Clustering-based subset selection tends to select uniformly distributed data points from a given data set. However, we may prefer some special solutions among the solutions obtained by an EMO algorithm (i.e., prefer some parts of the Pareto front). For example, in some applications, decision-makers are interested in knee regions [34] since solutions in these regions achieve a better trade-off between objectives. For a solution in the knee region, a small improvement in one objective may cause a large deterioration in other objectives.

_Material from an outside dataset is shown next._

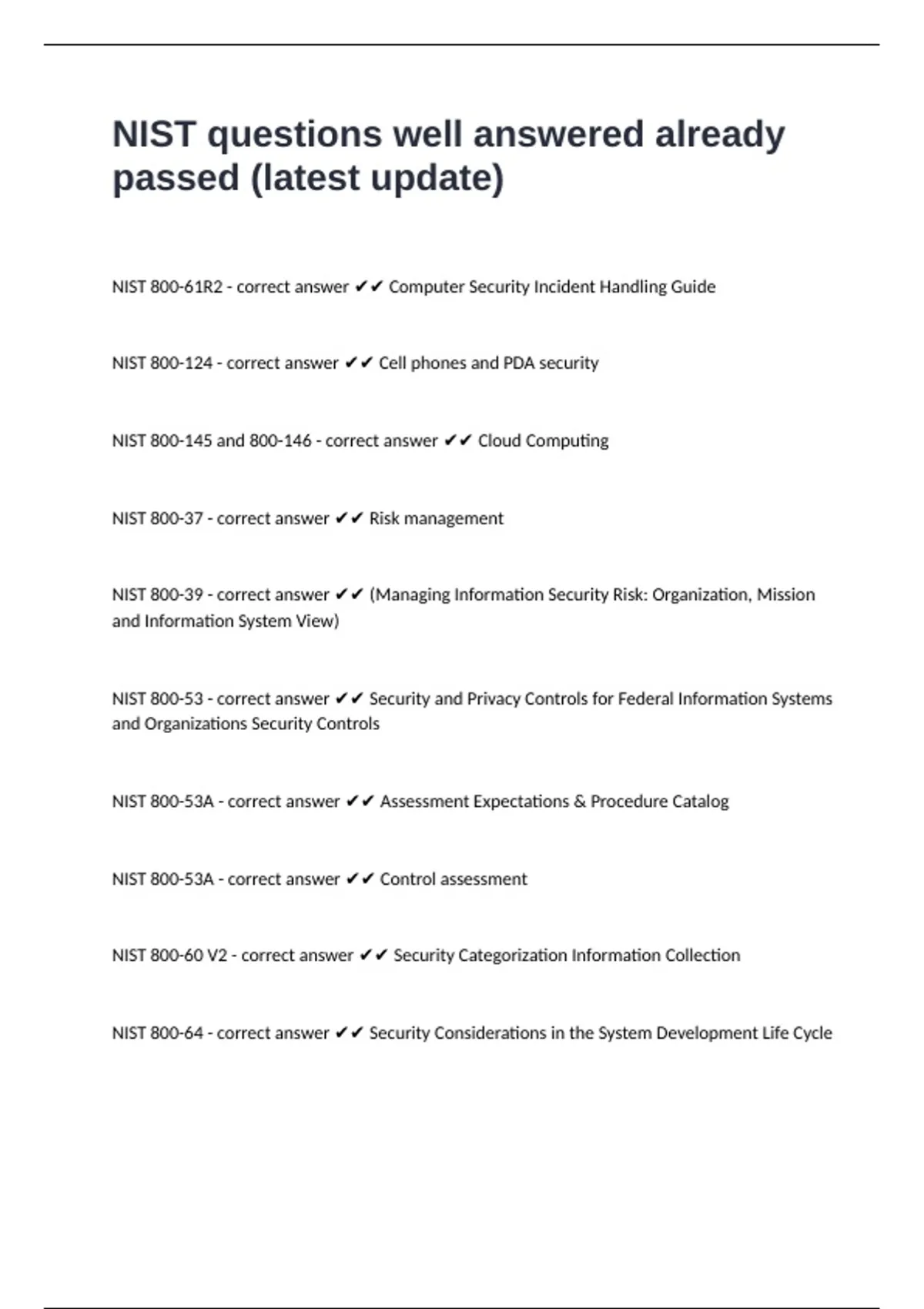 1 Exam (elaborations) Quiz Chapter 12 (NIST) questions and answers graded A+ 2 Exam (elaborations) NIST Test 4 questions and verified answers 3 Exam (elaborations) NIST Standards well solved already passed 4 Exam (elaborations) Nist practice questions and answers rated A+

To select more useful solutions for decision-makers, we can introduce the preference for knee regions to the K-medoids clustering algorithm by modifying the medoids update and data points assignment procedure. When updating the medoids, instead of using Euclidean distance, we can use the similarity measure in the IGD+ indicator [35]: $s(\bm{x},\bm{y})=\sqrt{\sum_{i=1}^{m}{\max(y_{i}-x_{i},0)^{2}}}.$ That is, the distance is calculated only for inferior objectives of $\bm{y}$ than $\bm{x}$ . Therefore, in each iteration, we aim to find a new medoid $\bm{\mu}_{i}$ for each cluster which minimizes $\sum_{\bm{x}\in C_{i}}s(\bm{x},\bm{\mu}_{i})$ . Then, each data point $\bm{x}$ is re-assigned to the medoid $\bm{\mu}_{l}$ with the smallest $s(\bm{x},\bm{\mu}_{l})$ .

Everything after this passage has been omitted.